**Dataset records:**
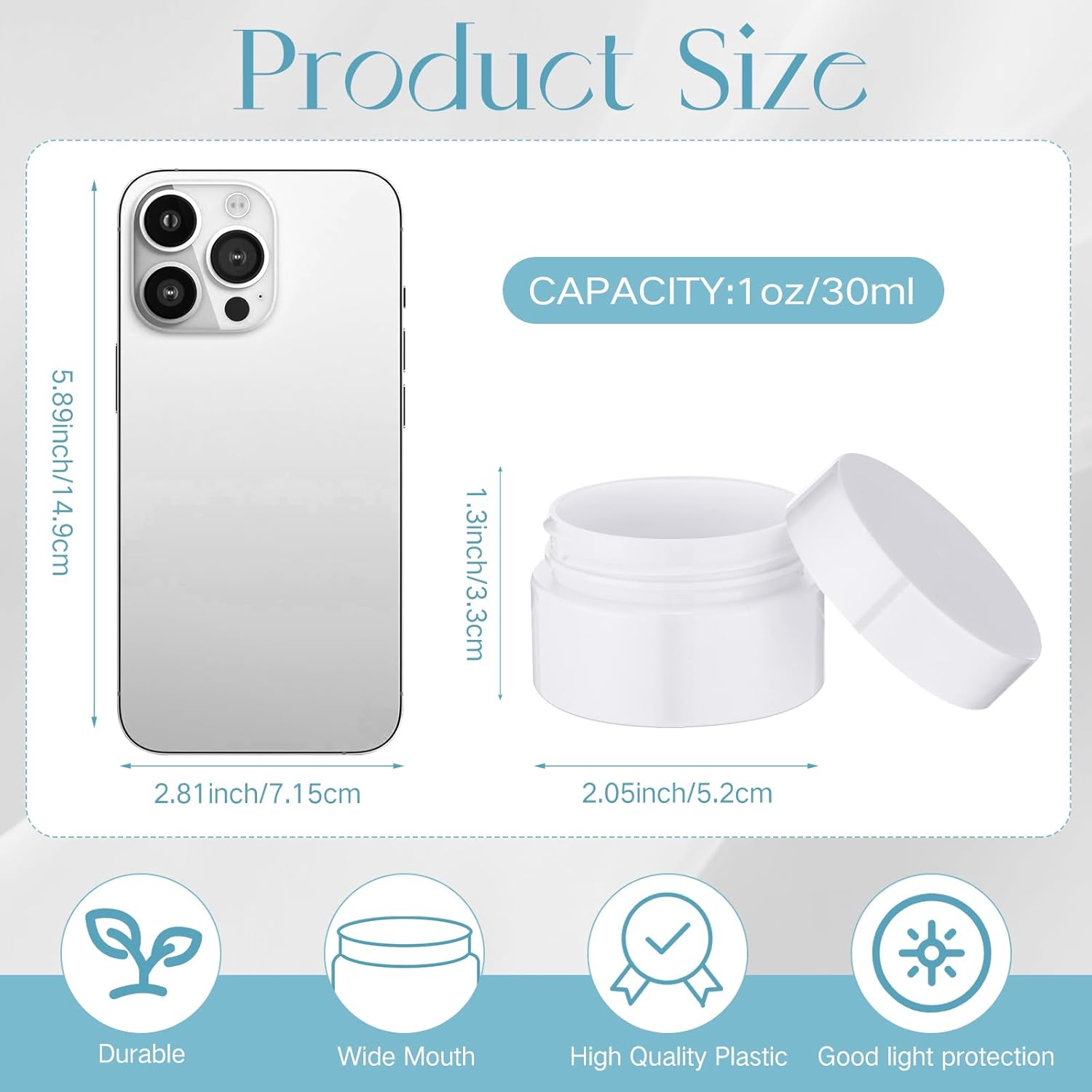 - What You Receive: there are 4 pieces plastic jars with white screw-on lids; They are durable and refillable, measuring about 5.2 cm/ 2.05 inches in diameter, 3.3 cm/ 1.3 inches in height
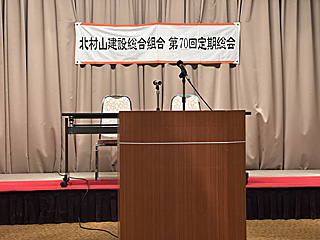 第70回 北村山建設総合組合 定期総会 演台の後ろ、ステージの上が議長・副議長席です。 |
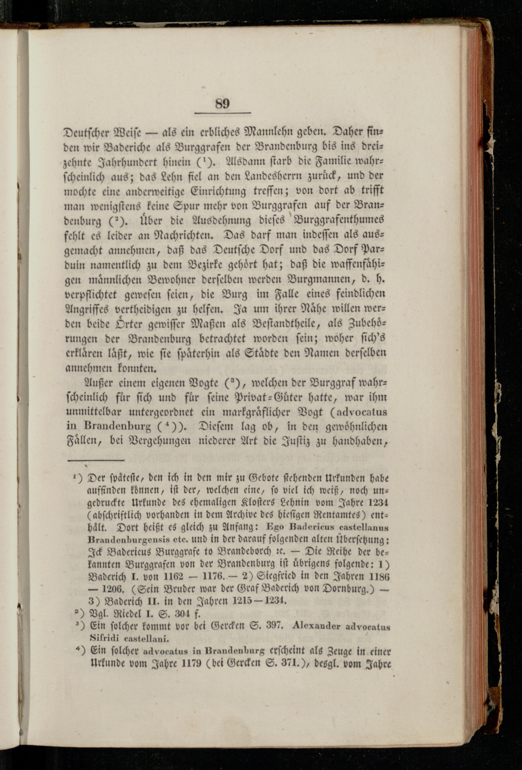 ) Der ſpaͤteſte, den ich in den mir zu Gebote ſtehenden Urkunden habe auffinden koͤnnen, iſt der, welchen eine, ſo viel ich weiß, noch ungedruckte Urkunde des ehemaligen Kloſters Lehnin vom Jahre 1234 (abſchriftlich vorhanden in dem Archive des hieſigen Rentamtes) enthält, Dort heißt es gleich zu Anfang: Ego Badericus ecastellanus Brandenburgensis etc. und in der darauf folgenden alten Überſetzung: Ick Baderieus Burggrafe to Brandeborch 3c.— Die Reihe der bekannten Burggrafen von der Brandenburg iſt uͤbrigens folgende: 1) Baderich I. von 1162— 1176.— 2) Siegfried in den Jahren 1186 — 1206.(Sein Bruder war der Graf Baderich von Dornburg.)— 3) Baderich II. in den Jahren 1215— 1234.
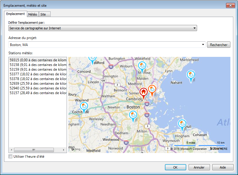 Avant de procéder à l'optimisation d'énergie du modèle de bâtiment, spécifiez son emplacement géographique et sélectionnez une station météo proche.
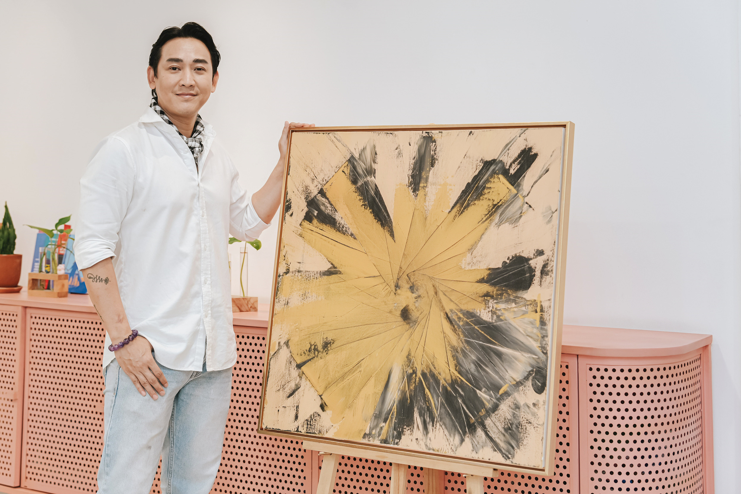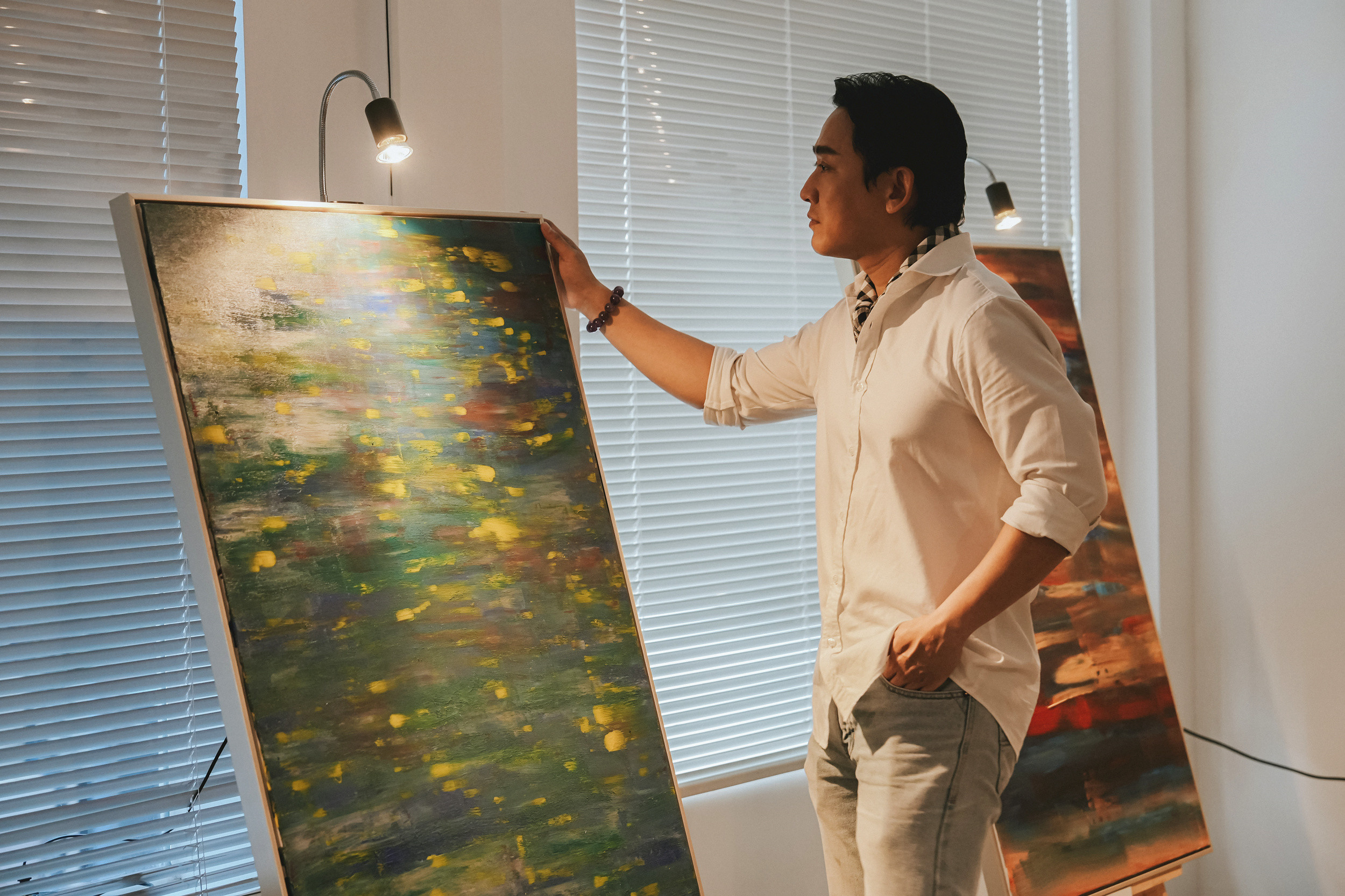 Anh nhấn mạnh không vẽ tranh để tìm hào quang mà vì sự thôi thúc trong tâm hồn. Diễn viên tin nghệ thuật là "sự khiêm tốn và sẻ chia", muốn dùng tác phẩm mang đến cho người xem năng lượng tốt, cảm giác bình yên.

**What you are asked to do:**
If an entry contains a picture, omit it; restate everything else word for word.

**Written reply:**
 - What You Receive: there are 4 pieces plastic jars with white screw-on lids; They are durable and refillable, measuring about 5.2 cm/ 2.05 inches in diameter, 3.3 cm/ 1.3 inches in height
 第70回 北村山建設総合組合 定期総会 演台の後ろ、ステージの上が議長・副議長席です。 |
 ) Der ſpaͤteſte, den ich in den mir zu Gebote ſtehenden Urkunden habe auffinden koͤnnen, iſt der, welchen eine, ſo viel ich weiß, noch ungedruckte Urkunde des ehemaligen Kloſters Lehnin vom Jahre 1234 (abſchriftlich vorhanden in dem Archive des hieſigen Rentamtes) enthält, Dort heißt es gleich zu Anfang: Ego Badericus ecastellanus Brandenburgensis etc. und in der darauf folgenden alten Überſetzung: Ick Baderieus Burggrafe to Brandeborch 3c.— Die Reihe der bekannten Burggrafen von der Brandenburg iſt uͤbrigens folgende: 1) Baderich I. von 1162— 1176.— 2) Siegfried in den Jahren 1186 — 1206.(Sein Bruder war der Graf Baderich von Dornburg.)— 3) Baderich II. in den Jahren 1215— 1234.
 Avant de procéder à l'optimisation d'énergie du modèle de bâtiment, spécifiez son emplacement géographique et sélectionnez une station météo proche.
 Anh nhấn mạnh không vẽ tranh để tìm hào quang mà vì sự thôi thúc trong tâm hồn. Diễn viên tin nghệ thuật là "sự khiêm tốn và sẻ chia", muốn dùng tác phẩm mang đến cho người xem năng lượng tốt, cảm giác bình yên.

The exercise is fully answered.